Study abroad organizations, also referred to as study abroad providers, and third-party study abroad providers are independent organizations that facilitate or administer study abroad programs. Providers of study abroad vary enormously in terms of organizational structure, program model and type, and services offered to the participants.

Given the tremendous growth in the number of U.S. students studying abroad over the last two decades, the study abroad industry has become more crowded and competitive in recent years. The study abroad business has traditionally been a cottage industry with a hodgepodge of domestic and foreign universities, for-profit and non-profit independent organizations providing thousands of programs in more than 100 countries. Some, like the Danish Institute for Study Abroad, offer their own programs, with their own courses and curricular expectations. Others, like the Institute for the International Education of Students (IES) and The College of Global Studies at Arcadia University, offer some of their own programs, but also are known for acting as intermediaries—offering student services, plus a quality control stamp, for those students enrolling in foreign universities who want more of a cushion than what's available when they directly enroll through international student offices abroad.
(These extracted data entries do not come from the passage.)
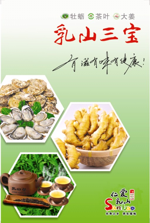 乳山是中国江北最大的牡蛎生产区、山东主要的优质大姜生产区、中国纬度最高的露天茶叶生产基地。乳山牡蛎个体大、肥度高、肉质好、味鲜美,含锌量极高,对人体健康非常有利。乳山大姜种植以沙壤土为主,产出的大姜姜体肥胖、色泽金黄,含粗纤维少、口感细嫩,含有多种对人体有益的营养成分。乳山绿茶叶片厚、营养丰富,含有大量适合人体健康的茶多酚、氨基酸等物质,具有滋味醇厚、清香久长、耐冲耐泡等特点。乳山牡蛎、乳山大姜、乳山绿茶先后获准国家地理标志认证,对外实行统一品牌、统一包装、统一销售。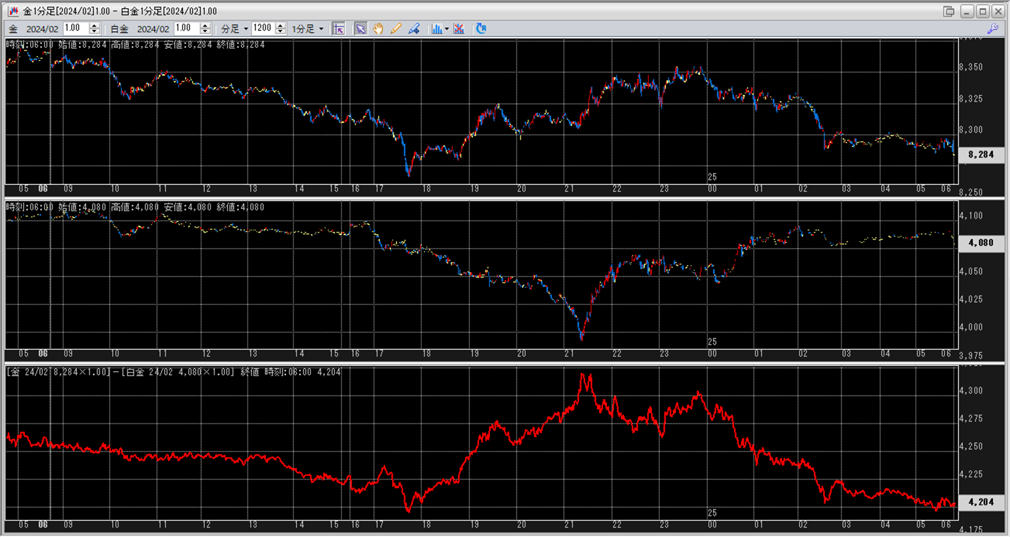 上:大阪取引所 金 2024年2月限 1分足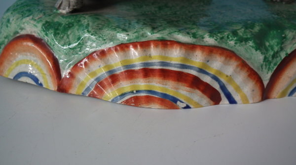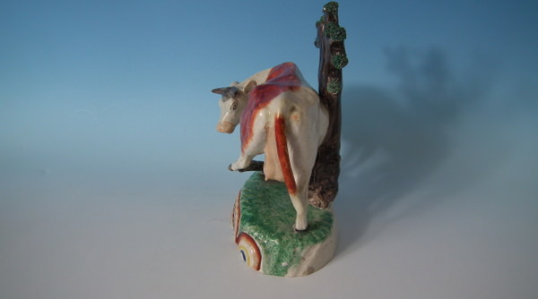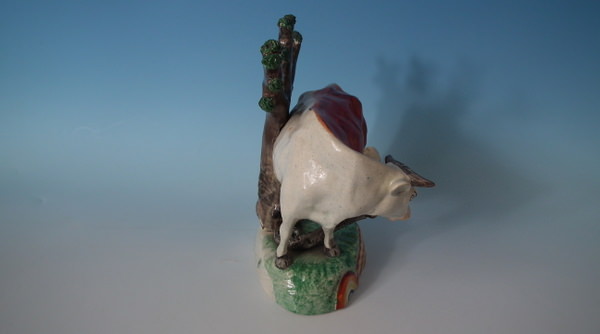 Obadiah Sherratt Staffordshire pearlware figure with a pastoral theme which features a cow being bitten by a snake, stood on an oval rainbow base.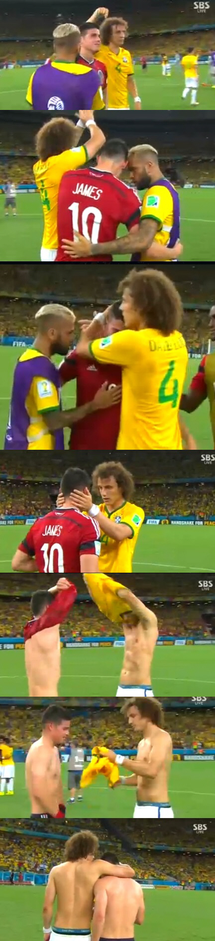 경기후 매너에서도 MOM이었다. 무릎을 꿇고 하늘을 두손으로 가리키며 열정적인 감사기도를 올린 루이스는 눈물을 펑펑 흘리고 있는 콜롬비아 에이스 하메스 로드리게스를 돌아봤다. 5골로 득점선두를 달리며 콜롬비아 돌풍을 이끌었던 로드리게스는 이날 페널티킥으로 5경기 연속골, 브라질월드컵 6호골을 쏘아올렸다. 8강에서 멈춰서며 골기록도 6골에서 멈춰섰지만 이번 대회 최고의 선수임은 분명했다. 진한 아쉬움의 눈물을 흘리고 있는 로드리게스에게 루이스가 다가왔다. 루이스를 손끝으로 가리킨 후 관중들에게 박수를 유도했다. '우리가 승리했지만 이 선수 역시 박수 받아 마땅하다'는 메시지를 전했다. 서로를 포옹한 후 유니폼을 교환했다. 서로의 유니폼을 손에 쥔 채 어깨동무를 하고 그라운드를 빠져나갔다. 강렬한 무회전 프리킥만큼 인상적인 장면이었다. 스포츠2팀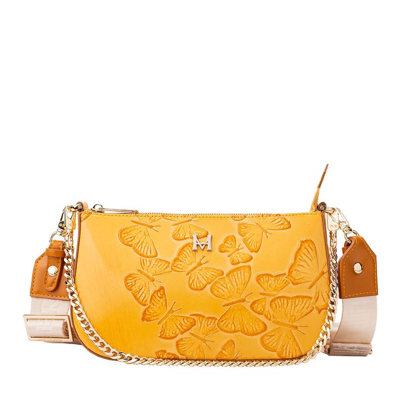 El amarillo quemado, ese que recuerda el color de la mostaza Dijón, le pone un toque otoñal a esta versión de la colección emblemática de la marca, que hace que las mariposas resalten sobre el piel, gracias a un efecto "quemado", creado manualmente en Italia mediante una técnica conocida como tamponado. El tono protagonista contrasta, y a la vez se complementa de manera armoniosa, con un cuero liso canela que baña las manijas y la base de carteras y billeteras.

According to the Institute of International Education, the majority of U.S. college students studying abroad, about 72 percent, participate on programs sponsored by their home institution. However, at least 28 percent of the approximately 260,000 Americans who studied abroad in academic year 2008/09 study through an outside program.

==Overview==
Outside providers like IES and The College of Global Studies at Arcadia University act as intermediaries by assisting program participants with logistics like course registration and housing arrangements. While models differ, academic and social guidance is generally included throughout the duration of a program, such as orientation, support services, field trips and cultural activities. Additionally, providers are typically able to provide transcripts that ease credit transfer for students who enroll in their programs based at universities abroad – offer all these extra services, of course, at an extra cost.
Independent providers, like Help Me Abroad, offer solutions to adapt to international students’ requests. They act as intermediaries and allow a wider choice for students who can pick the state, university and program to attend instead of applying to premade programs.

==Relationship with U.S. universities==
At many campuses, study abroad programs are run by multiple companies and non-profit institutes that offer colleges generous incentives to increase enrollments. An influential article that appeared in The New York Times in 2007 highlighted that this can include free and subsidized travel overseas for officials, back-office services to defray operating expenses, stipends to market the programs to students, unpaid membership on advisory councils and boards, and even cash bonuses and commissions on student-paid fees. This money generally goes directly to colleges, not always to the students who take the trips.

Critics say that these and similar arrangements, which are seldom disclosed, typically limit student options and drive up prices for gaining international credentials compared with the most economical alternative — enrolling directly in a foreign university, paying generally lower tuition to that institution and having the credits transferred. Some campuses require students to use one of several affiliated providers, but some even have exclusive arrangements with study abroad agents, further limiting options.